Material provided
BEGIN

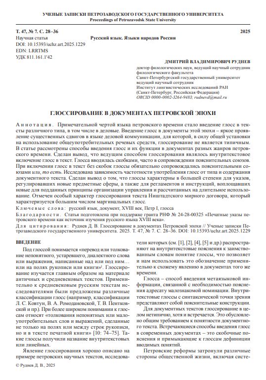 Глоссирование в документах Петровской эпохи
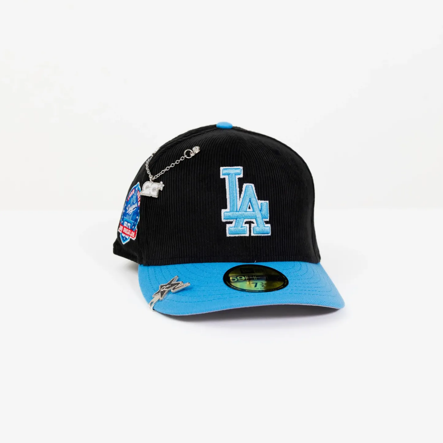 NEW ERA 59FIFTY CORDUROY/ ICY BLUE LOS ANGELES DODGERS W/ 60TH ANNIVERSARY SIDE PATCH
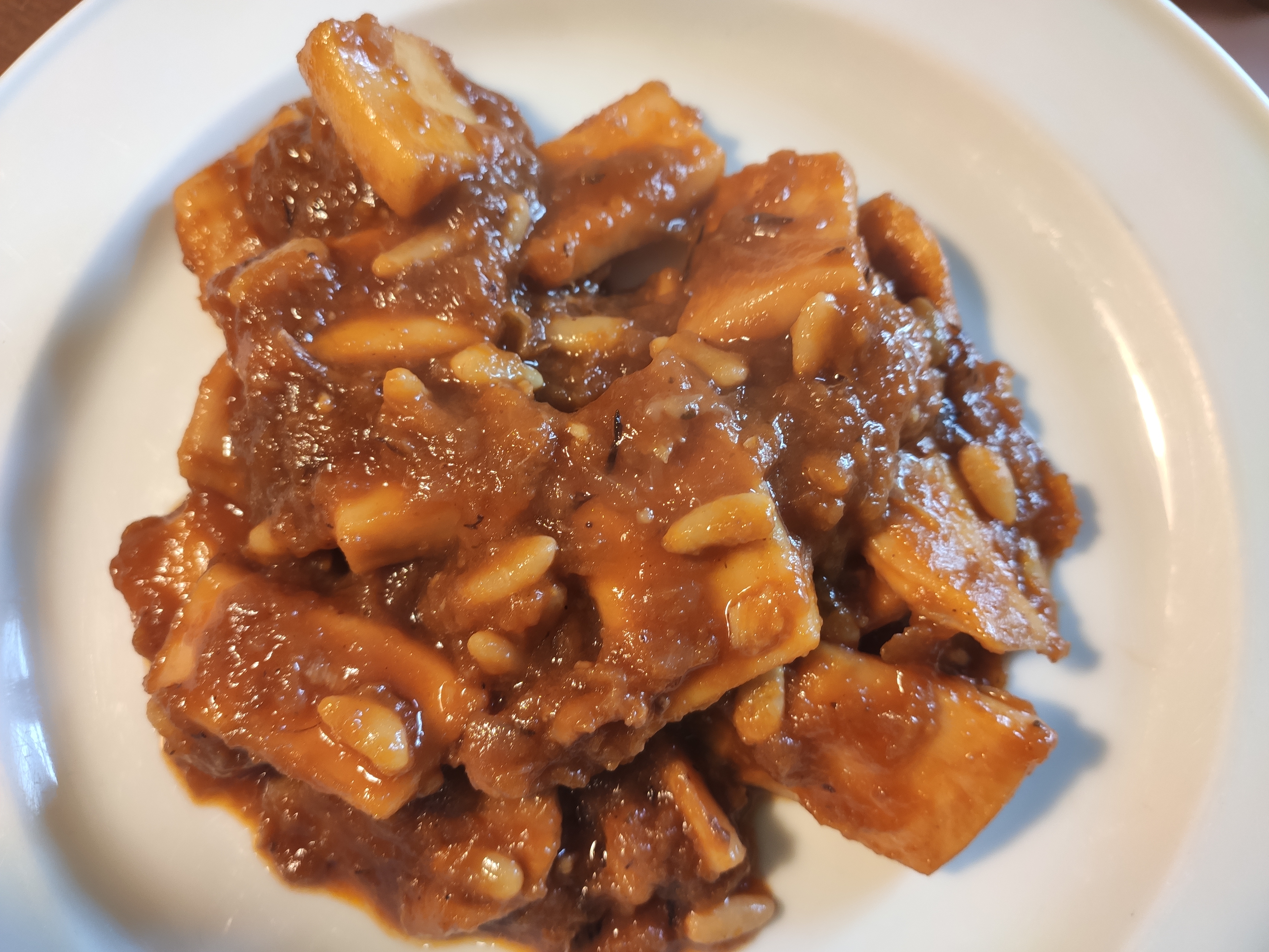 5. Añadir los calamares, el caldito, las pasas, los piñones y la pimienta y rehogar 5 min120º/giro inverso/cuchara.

END

What you have to do
Once the line holding "NEW ERA 59FIFTY" is found, copy it and each later line exactly through the end of the data, leaving out the pictures.

Response
 NEW ERA 59FIFTY CORDUROY/ ICY BLUE LOS ANGELES DODGERS W/ 60TH ANNIVERSARY SIDE PATCH
 5. Añadir los calamares, el caldito, las pasas, los piñones y la pimienta y rehogar 5 min120º/giro inverso/cuchara.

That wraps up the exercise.